Friday, 18 October 2013

The new house price bubble doesn’t look like it’s going to pop any time soon, if forecasts can be believed. The Centre for Economics and Business Research (CEBR) has said that over the next five years property prices across the UK are set to jump 23.7% - and over 43% in London.

By 2018, the average house price in the UK will be £278,000 (a new record) while homes in London will fetch up to £566,000. Although this is great news for homeowners, it adds further fuel to recent concerns about people getting onto the property ladder. The average annual salary is currently sitting at just over £26,000 per year.

It looks like potential buyers may be looking at home insurance quotes sooner than they think, however. David Cameron has decided to help those who want to get onto the property ladder by introducing the second phase of the Help to Buy scheme three months early. This will allow people to buy a house valued up to £600,000 with 15% of the loan being subsidised by taxpayers.

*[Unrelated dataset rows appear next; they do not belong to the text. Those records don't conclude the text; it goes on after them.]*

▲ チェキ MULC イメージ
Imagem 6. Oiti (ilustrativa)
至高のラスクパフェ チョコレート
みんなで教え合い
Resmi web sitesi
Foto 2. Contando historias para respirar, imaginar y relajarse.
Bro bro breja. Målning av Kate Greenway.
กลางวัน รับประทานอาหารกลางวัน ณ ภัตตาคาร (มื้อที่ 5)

Although the Institute of Directors has called the scheme ‘mad’ and ‘very dangerous’, and Vince Cable has questioned whether phase two really needs to be implemented, Cameron has argued that he doesn’t want to stand by and watch as people’s aspirations are shattered.

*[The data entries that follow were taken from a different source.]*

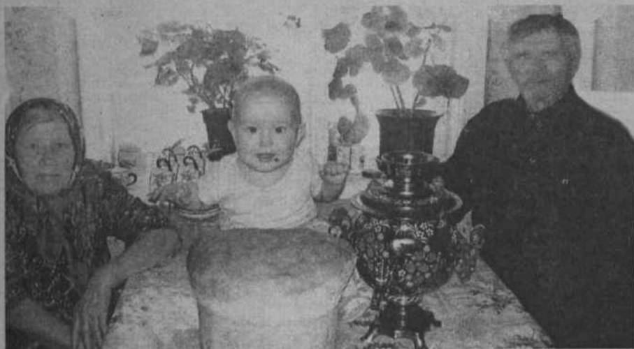
«Как прабабушка в деревне испекла нам каравай... А прадедушка с малиной заварил внучонку чай...»

Аппетитный аромат свежеспеченного каравайки будто из самого детства: упавшись курносом носом в теплую мягкость, а оттуда горьковатый привкус степных трав, кажется, в самую душу проникает. Целое таинство такой хлеб испечь. Бабушка для него сама и хмель выращивает, и дрожжи варит, и за ночь 3-4 раза подбивает тесто, перемишивает, пока оно перестанет пузыриться, как она говорит «разговаривать» и к рюкам лишнуть.
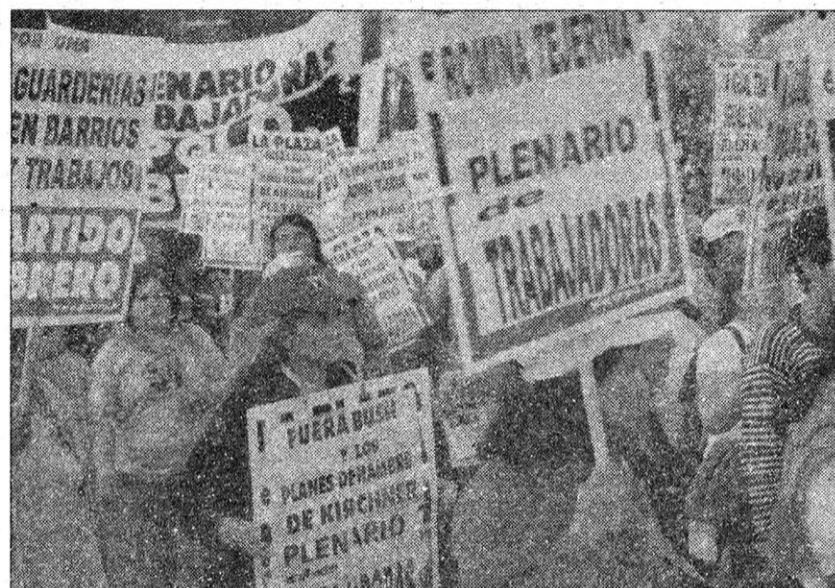
Faltan pocos días para el Encuentro Nacional de Mujeres. Es hora de convertirlo en una gran asamblea que resuelva un plan de lucha.

Pero las mujeres tampoco tenemos derecho a regular la maternidad, a elegir si queremos tener hijos o cuántos hijos queremos tener. La Ley de Procreación Responsable, que establece el derecho a una an-
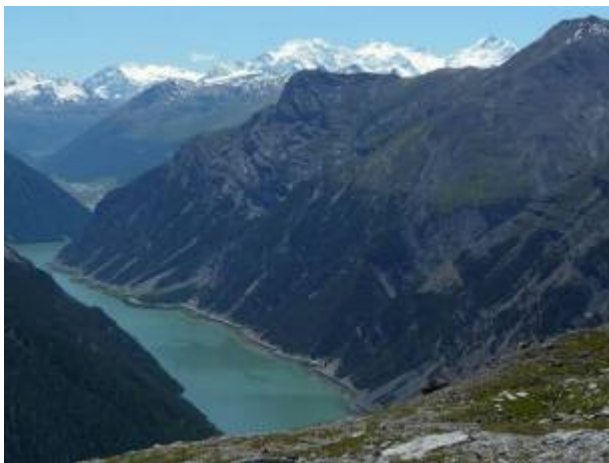
Livignostausee und Berninagruppe

The CEBR report coincides with news from the Bank of England that mortgage approvals have reached a five-year high. Daniel Solomon of the CEBR says that, although the Help to Buy scheme has played a part in helping the market, the housing shortage has been the real driver.

He commented: "Even London's prodigious house price growth, expected to be 6.9 per cent this year, is being driven by the fundamental fact that people want to live in the capital with its employment and cultural opportunities."

With more foreign investors buying up properties in London, property agent Knight Frank has claimed that more domestic investors are looking at buying in other areas of the country. Whether this will cause further property shortages, or simply revive the housing market outside of the capital, remains to be seen.